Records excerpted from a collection
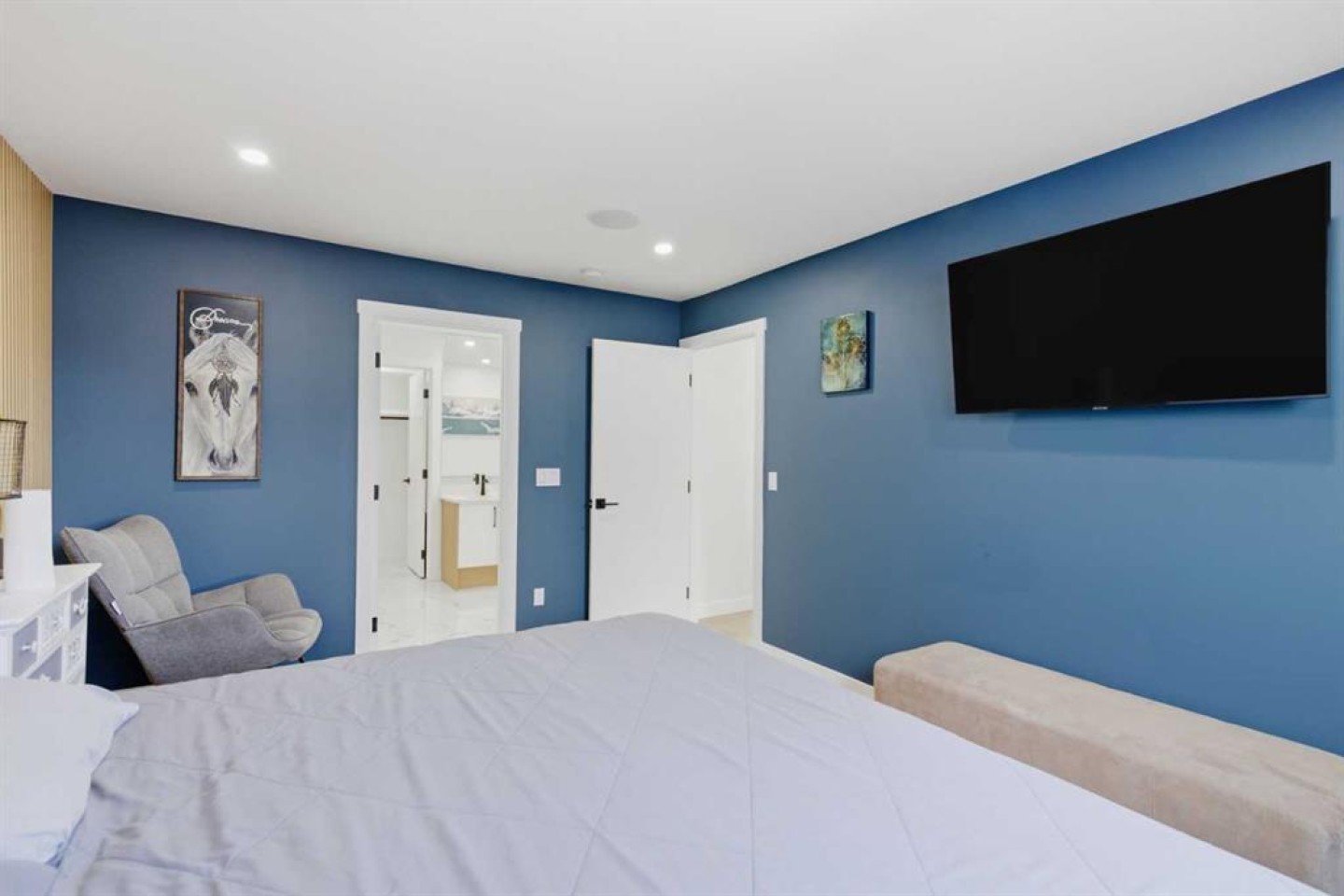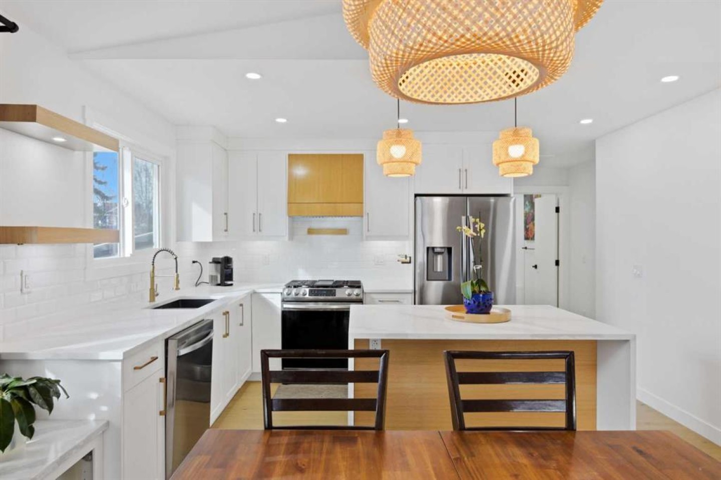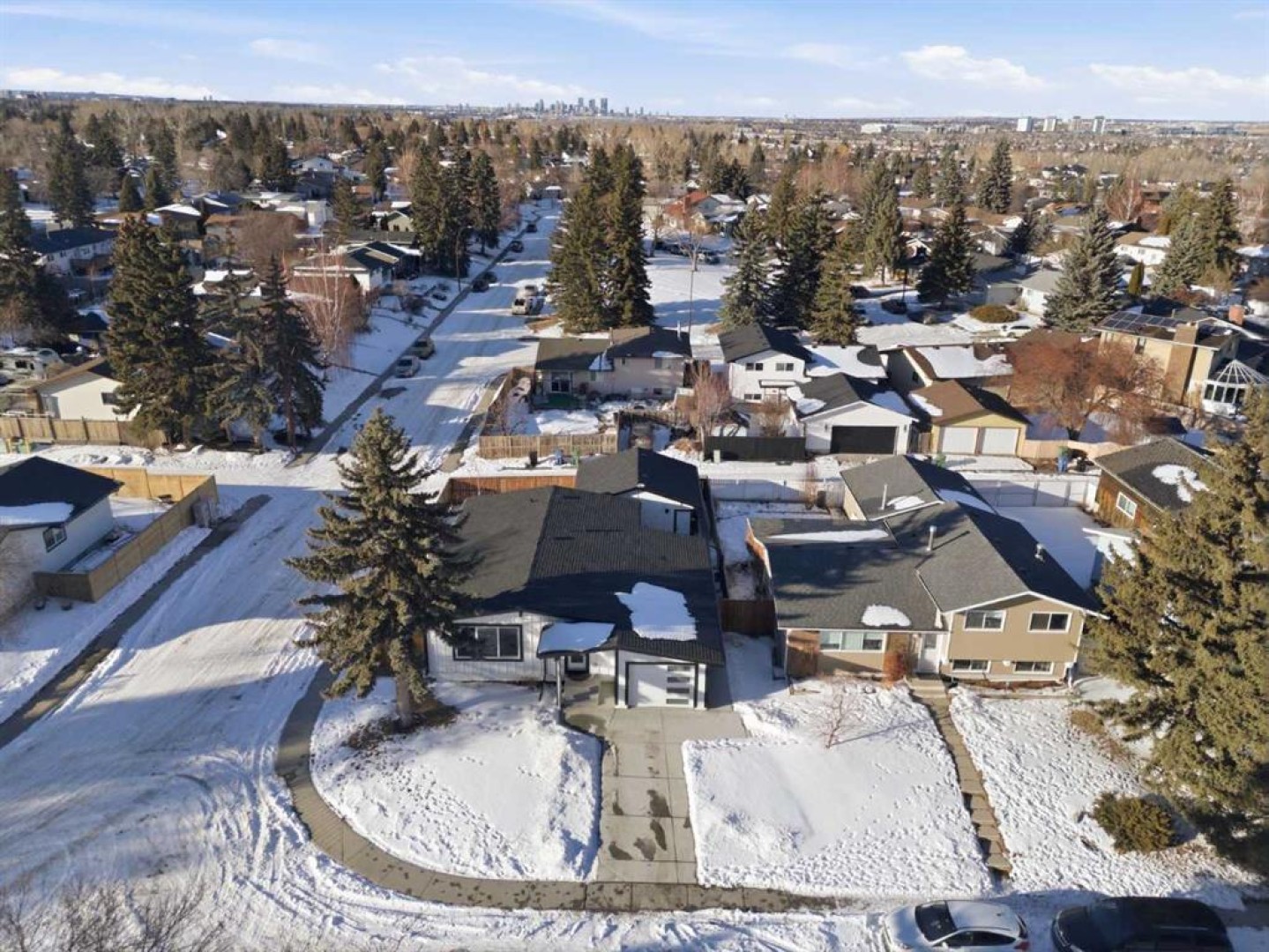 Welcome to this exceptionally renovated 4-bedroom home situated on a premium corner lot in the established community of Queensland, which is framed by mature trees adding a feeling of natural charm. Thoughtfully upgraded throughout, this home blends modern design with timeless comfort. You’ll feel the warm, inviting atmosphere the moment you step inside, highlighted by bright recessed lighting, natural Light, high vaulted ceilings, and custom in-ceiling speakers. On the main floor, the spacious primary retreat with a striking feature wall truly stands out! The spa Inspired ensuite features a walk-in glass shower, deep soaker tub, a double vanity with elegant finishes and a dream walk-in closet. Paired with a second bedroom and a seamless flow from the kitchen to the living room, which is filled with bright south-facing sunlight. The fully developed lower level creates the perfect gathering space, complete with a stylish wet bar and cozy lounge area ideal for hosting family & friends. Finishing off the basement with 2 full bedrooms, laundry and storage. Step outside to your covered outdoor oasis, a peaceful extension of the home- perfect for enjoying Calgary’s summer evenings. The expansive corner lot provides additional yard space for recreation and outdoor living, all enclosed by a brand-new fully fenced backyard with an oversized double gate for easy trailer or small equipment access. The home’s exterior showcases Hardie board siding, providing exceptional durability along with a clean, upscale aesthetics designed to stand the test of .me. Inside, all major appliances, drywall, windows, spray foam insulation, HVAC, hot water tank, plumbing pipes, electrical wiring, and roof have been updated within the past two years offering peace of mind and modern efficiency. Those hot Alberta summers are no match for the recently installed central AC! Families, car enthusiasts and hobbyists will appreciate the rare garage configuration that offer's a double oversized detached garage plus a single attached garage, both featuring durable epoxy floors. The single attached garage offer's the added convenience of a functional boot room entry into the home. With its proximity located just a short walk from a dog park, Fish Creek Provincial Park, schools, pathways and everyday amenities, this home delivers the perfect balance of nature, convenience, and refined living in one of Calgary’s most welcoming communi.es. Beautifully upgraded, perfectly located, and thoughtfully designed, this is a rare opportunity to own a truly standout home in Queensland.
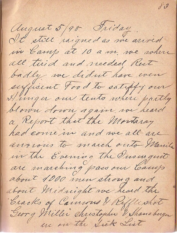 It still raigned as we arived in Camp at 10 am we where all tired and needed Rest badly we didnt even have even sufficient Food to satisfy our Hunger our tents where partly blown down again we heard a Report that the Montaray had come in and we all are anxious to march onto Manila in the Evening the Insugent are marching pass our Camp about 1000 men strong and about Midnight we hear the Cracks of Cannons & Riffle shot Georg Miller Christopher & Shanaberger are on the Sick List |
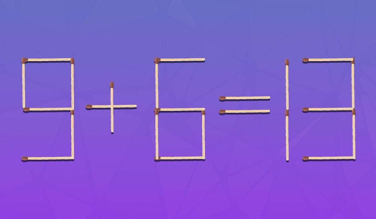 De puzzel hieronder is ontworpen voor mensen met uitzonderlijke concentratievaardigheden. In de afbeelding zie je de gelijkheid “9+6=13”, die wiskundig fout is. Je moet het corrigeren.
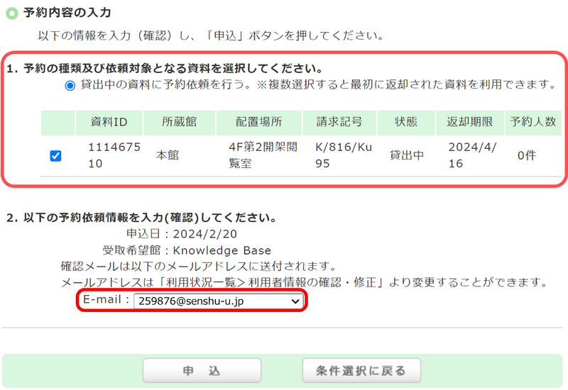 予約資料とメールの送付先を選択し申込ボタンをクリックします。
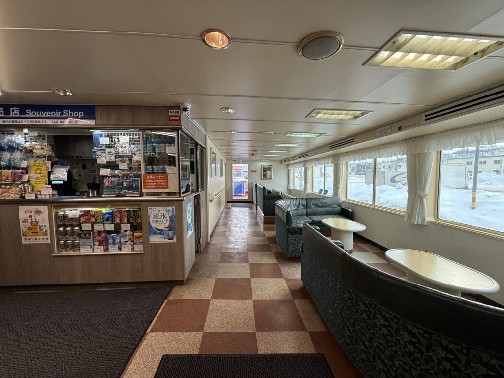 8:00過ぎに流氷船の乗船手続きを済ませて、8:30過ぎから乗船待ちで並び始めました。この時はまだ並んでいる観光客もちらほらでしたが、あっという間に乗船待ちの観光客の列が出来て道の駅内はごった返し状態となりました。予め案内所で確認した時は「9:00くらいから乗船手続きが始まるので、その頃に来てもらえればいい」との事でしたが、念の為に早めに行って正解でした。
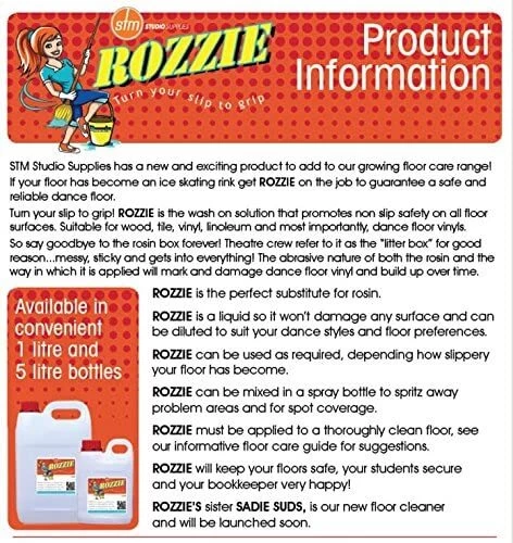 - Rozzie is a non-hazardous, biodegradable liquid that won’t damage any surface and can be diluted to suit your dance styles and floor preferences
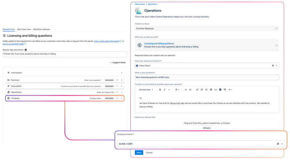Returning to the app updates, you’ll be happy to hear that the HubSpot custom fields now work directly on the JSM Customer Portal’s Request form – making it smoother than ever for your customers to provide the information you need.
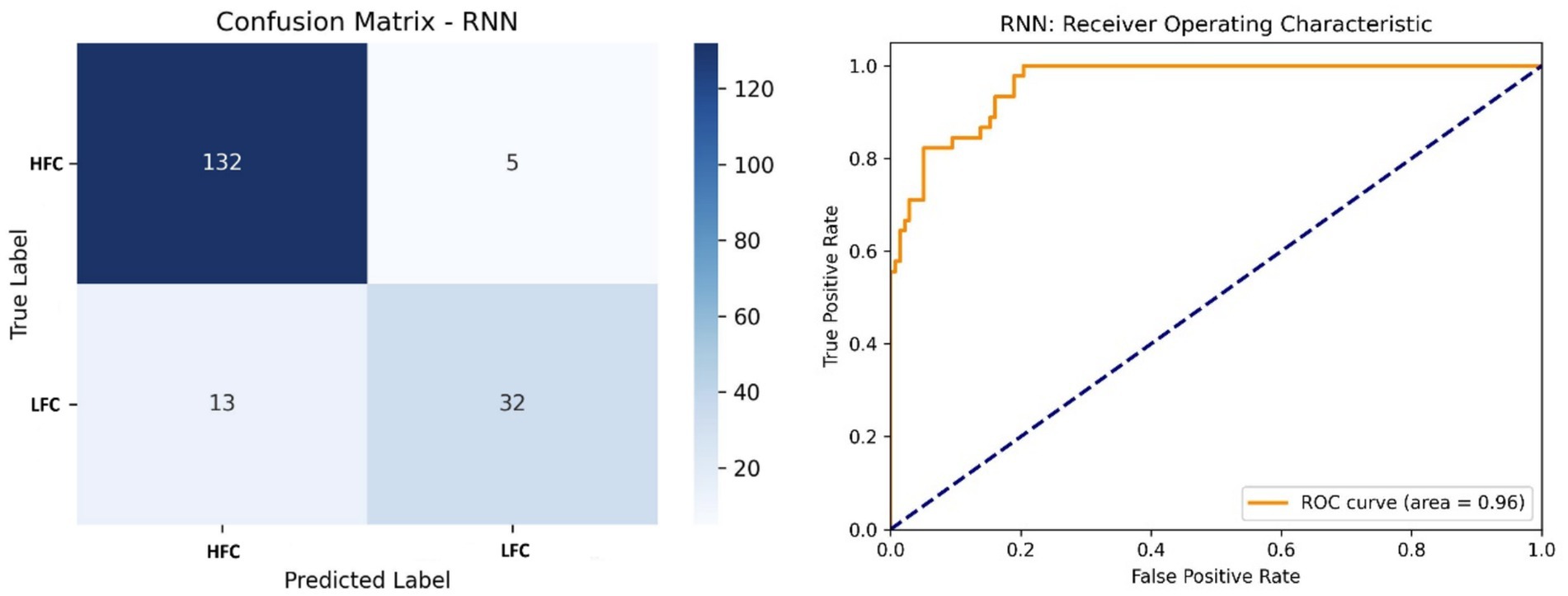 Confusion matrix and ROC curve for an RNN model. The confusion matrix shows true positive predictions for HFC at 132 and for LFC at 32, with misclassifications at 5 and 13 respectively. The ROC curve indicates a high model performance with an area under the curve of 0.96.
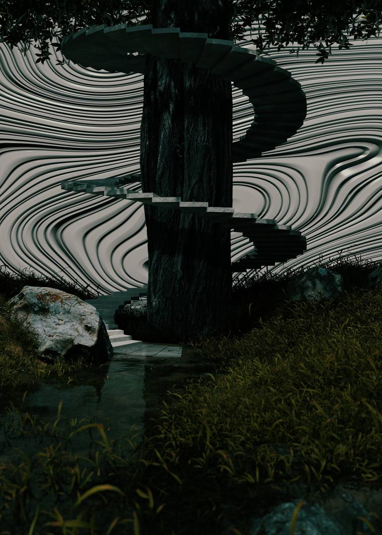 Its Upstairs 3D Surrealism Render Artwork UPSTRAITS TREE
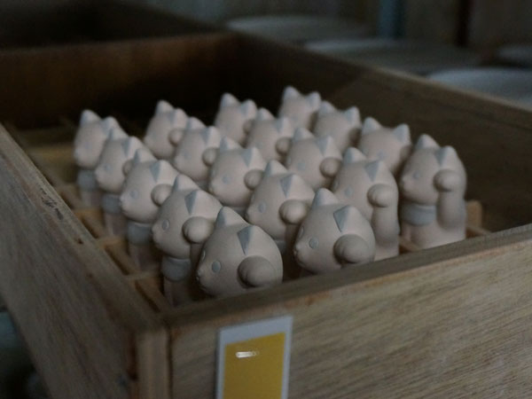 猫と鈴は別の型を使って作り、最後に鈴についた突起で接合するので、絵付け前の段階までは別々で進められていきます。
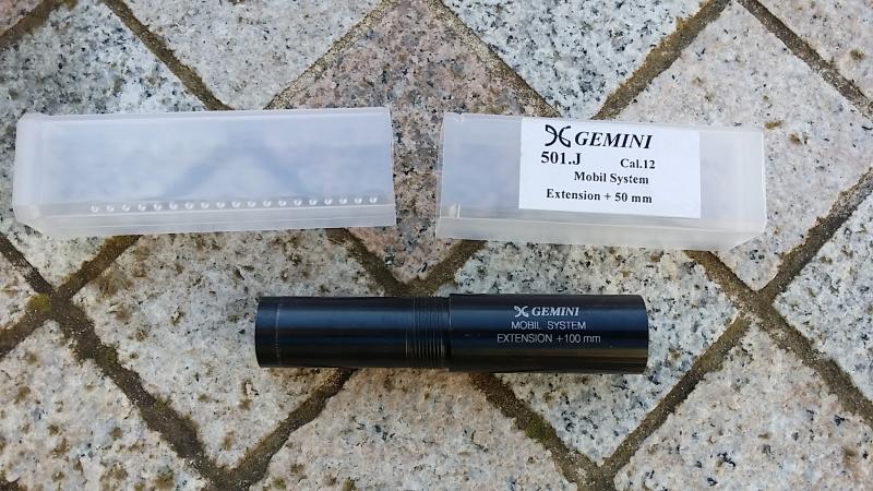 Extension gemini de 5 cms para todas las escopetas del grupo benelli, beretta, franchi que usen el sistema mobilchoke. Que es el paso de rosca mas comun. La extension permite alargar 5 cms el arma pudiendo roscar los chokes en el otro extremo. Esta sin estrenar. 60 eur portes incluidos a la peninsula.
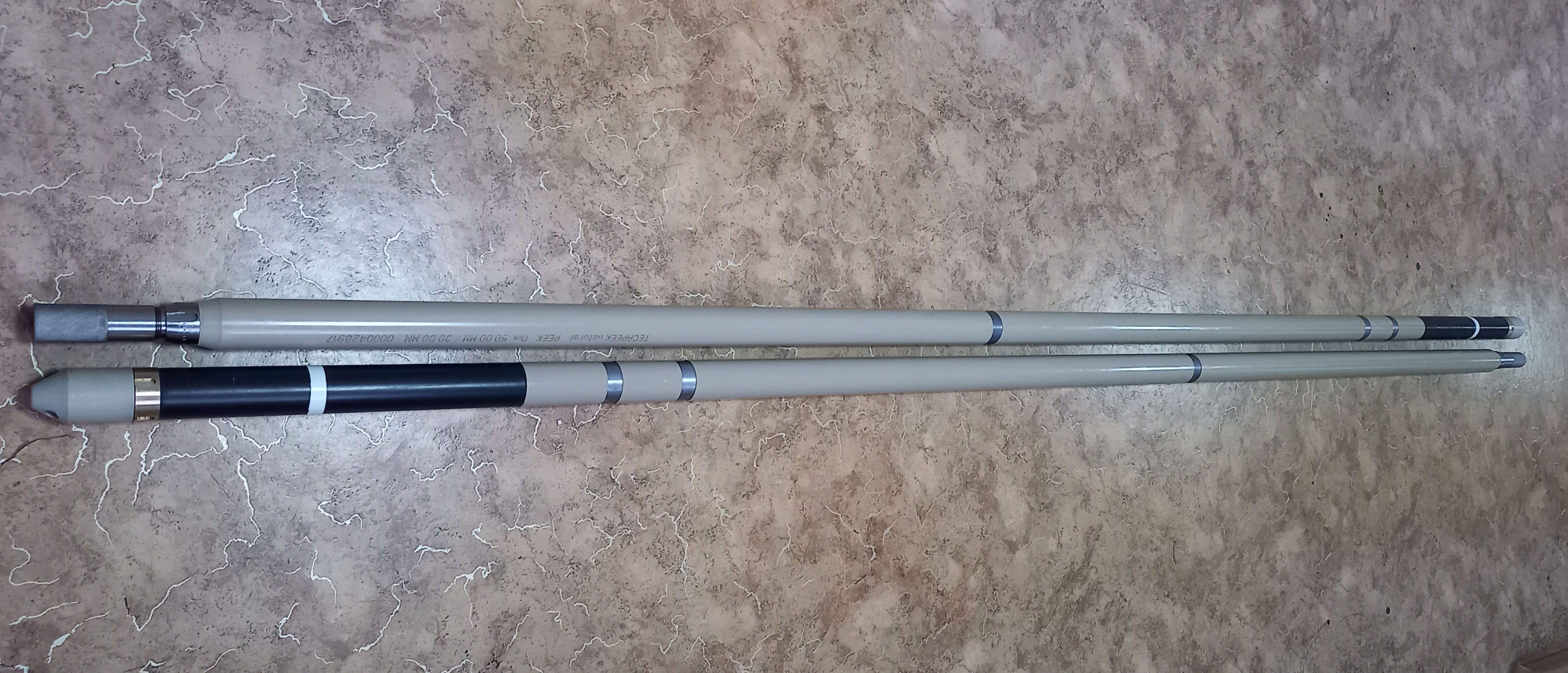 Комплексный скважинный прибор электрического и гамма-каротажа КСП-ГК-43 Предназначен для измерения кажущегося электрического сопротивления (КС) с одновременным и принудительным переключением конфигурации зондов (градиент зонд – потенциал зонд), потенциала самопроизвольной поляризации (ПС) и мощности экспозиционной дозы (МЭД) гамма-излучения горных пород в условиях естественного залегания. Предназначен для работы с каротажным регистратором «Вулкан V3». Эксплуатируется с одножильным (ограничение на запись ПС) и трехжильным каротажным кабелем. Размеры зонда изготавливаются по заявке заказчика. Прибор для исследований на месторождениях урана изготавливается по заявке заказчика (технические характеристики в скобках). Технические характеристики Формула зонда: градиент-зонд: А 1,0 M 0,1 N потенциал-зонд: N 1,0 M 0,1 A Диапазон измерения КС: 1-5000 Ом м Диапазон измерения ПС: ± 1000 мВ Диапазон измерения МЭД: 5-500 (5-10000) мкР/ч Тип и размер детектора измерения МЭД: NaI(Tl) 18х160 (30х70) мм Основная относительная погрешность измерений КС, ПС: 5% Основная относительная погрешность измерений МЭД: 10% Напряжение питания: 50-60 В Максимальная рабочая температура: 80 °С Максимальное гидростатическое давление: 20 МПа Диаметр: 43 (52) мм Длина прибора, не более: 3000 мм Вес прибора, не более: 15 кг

• _WHAT TO DO_: Drop the pictures; return the lines above from the line containing "- Rozzie is" to the line containing "Returning to the", both included, exactly.

• _YOUR RESPONSE_:
 - Rozzie is a non-hazardous, biodegradable liquid that won’t damage any surface and can be diluted to suit your dance styles and floor preferences
Returning to the app updates, you’ll be happy to hear that the HubSpot custom fields now work directly on the JSM Customer Portal’s Request form – making it smoother than ever for your customers to provide the information you need.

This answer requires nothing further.